━━━ Supplied material
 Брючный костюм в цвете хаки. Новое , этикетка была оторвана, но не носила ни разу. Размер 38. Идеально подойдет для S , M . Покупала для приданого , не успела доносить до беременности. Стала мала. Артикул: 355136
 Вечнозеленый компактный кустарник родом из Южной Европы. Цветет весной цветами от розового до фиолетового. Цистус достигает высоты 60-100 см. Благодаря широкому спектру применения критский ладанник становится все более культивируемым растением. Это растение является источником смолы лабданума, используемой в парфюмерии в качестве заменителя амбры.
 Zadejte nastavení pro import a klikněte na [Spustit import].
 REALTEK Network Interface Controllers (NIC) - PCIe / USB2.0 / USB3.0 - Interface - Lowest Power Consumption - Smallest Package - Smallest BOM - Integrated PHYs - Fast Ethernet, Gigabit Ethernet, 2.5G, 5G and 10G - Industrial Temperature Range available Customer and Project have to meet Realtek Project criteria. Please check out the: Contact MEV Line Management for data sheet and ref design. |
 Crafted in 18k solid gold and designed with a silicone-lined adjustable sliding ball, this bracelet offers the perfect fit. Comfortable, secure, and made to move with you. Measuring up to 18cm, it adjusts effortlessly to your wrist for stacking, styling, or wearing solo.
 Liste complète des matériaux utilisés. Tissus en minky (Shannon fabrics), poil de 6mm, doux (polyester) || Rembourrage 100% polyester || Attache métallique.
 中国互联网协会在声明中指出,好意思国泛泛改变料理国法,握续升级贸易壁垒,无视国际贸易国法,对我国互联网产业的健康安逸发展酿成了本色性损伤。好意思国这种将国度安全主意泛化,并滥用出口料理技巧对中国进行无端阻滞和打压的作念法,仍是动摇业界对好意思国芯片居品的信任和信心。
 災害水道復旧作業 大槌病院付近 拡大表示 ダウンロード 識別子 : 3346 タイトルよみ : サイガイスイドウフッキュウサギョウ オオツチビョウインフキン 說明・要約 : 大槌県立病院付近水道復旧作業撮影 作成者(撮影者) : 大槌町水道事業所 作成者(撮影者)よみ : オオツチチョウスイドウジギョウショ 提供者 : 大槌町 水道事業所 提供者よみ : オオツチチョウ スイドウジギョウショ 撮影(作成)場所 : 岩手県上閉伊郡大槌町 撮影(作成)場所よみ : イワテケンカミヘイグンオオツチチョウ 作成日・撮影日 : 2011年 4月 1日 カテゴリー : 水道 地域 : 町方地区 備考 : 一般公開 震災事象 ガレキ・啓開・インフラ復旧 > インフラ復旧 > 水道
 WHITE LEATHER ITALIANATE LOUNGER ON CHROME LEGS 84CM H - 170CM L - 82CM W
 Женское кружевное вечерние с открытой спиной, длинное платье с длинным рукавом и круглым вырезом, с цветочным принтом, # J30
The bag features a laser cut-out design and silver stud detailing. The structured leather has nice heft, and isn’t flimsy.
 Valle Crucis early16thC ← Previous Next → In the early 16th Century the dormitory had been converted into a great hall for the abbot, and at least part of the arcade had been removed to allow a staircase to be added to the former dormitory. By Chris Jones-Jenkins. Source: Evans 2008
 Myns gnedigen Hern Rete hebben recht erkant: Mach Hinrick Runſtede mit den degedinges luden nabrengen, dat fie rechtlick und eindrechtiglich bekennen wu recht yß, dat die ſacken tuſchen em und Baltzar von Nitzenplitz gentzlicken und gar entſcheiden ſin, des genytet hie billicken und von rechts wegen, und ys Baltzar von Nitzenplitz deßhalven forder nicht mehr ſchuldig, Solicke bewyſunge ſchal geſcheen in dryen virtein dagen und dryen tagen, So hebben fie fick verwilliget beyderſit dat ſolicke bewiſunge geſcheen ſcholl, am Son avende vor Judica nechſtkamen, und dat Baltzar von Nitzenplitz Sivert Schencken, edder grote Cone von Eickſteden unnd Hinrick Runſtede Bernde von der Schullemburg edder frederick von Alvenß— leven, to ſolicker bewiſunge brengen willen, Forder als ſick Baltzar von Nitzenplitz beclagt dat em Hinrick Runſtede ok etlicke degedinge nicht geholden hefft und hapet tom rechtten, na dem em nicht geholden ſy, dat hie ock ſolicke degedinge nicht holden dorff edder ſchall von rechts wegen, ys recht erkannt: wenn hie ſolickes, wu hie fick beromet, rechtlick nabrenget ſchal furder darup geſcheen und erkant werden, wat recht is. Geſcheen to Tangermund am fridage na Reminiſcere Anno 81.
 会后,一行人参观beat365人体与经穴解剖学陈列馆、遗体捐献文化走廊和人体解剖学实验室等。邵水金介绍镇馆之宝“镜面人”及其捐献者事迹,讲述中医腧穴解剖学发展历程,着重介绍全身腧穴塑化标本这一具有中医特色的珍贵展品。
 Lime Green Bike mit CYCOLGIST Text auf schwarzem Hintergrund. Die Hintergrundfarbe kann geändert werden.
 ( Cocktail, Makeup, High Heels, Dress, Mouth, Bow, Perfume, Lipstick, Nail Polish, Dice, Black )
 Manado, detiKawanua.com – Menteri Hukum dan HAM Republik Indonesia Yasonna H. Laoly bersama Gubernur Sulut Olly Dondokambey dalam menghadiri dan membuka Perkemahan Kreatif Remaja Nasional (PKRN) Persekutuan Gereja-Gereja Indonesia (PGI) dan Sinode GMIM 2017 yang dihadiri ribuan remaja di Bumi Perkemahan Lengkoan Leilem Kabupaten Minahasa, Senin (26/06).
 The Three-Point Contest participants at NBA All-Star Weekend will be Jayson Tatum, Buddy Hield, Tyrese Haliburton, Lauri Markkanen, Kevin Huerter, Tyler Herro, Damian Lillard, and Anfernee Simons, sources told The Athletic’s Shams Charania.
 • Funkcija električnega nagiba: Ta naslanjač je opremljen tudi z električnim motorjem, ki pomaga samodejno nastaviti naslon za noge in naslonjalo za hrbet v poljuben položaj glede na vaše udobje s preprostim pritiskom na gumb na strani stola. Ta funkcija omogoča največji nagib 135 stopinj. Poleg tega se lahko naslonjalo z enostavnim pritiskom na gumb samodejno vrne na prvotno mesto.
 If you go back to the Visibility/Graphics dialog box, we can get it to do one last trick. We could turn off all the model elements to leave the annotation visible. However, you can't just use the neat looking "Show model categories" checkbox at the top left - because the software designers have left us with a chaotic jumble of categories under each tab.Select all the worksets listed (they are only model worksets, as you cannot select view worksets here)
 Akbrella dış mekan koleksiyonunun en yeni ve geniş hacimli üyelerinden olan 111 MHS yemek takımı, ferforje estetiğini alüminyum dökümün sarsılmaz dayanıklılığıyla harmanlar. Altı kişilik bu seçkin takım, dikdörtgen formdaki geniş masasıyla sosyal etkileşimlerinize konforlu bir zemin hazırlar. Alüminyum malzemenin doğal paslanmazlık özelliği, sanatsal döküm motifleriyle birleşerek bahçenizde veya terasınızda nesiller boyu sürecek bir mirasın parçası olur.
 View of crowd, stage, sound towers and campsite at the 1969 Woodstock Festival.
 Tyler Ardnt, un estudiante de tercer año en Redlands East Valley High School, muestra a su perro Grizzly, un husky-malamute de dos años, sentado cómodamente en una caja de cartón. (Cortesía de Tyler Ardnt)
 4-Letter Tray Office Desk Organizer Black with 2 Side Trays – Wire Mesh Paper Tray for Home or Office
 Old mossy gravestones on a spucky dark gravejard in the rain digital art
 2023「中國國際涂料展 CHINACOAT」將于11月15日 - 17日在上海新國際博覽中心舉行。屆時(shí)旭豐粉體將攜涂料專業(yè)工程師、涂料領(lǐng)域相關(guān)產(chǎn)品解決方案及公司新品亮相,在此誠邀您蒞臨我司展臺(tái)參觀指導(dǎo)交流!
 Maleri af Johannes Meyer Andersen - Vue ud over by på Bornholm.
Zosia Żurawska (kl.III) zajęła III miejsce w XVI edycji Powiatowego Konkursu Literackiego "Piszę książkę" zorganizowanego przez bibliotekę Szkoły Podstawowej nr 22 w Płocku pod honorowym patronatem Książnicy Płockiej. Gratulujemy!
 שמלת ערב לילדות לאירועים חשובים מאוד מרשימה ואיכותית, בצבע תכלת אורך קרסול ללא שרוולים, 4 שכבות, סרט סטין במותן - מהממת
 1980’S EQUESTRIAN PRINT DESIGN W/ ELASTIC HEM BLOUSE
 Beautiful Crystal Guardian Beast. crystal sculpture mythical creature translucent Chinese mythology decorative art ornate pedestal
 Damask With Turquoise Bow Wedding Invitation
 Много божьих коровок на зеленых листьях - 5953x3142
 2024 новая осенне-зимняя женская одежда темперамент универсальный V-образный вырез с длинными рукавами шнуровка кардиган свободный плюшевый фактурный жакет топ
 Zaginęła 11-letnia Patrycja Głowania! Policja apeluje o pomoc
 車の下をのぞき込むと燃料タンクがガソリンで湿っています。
━━━━━━
## [Work instructions]
What is needed is an exact repetition of the lines from the first line of the records through the line containing "REALTEK Network Interface", both ends included, and nothing more.

## [Solution]
 Брючный костюм в цвете хаки. Новое , этикетка была оторвана, но не носила ни разу. Размер 38. Идеально подойдет для S , M . Покупала для приданого , не успела доносить до беременности. Стала мала. Артикул: 355136
 Вечнозеленый компактный кустарник родом из Южной Европы. Цветет весной цветами от розового до фиолетового. Цистус достигает высоты 60-100 см. Благодаря широкому спектру применения критский ладанник становится все более культивируемым растением. Это растение является источником смолы лабданума, используемой в парфюмерии в качестве заменителя амбры.
 Zadejte nastavení pro import a klikněte na [Spustit import].
 REALTEK Network Interface Controllers (NIC) - PCIe / USB2.0 / USB3.0 - Interface - Lowest Power Consumption - Smallest Package - Smallest BOM - Integrated PHYs - Fast Ethernet, Gigabit Ethernet, 2.5G, 5G and 10G - Industrial Temperature Range available Customer and Project have to meet Realtek Project criteria. Please check out the: Contact MEV Line Management for data sheet and ref design. |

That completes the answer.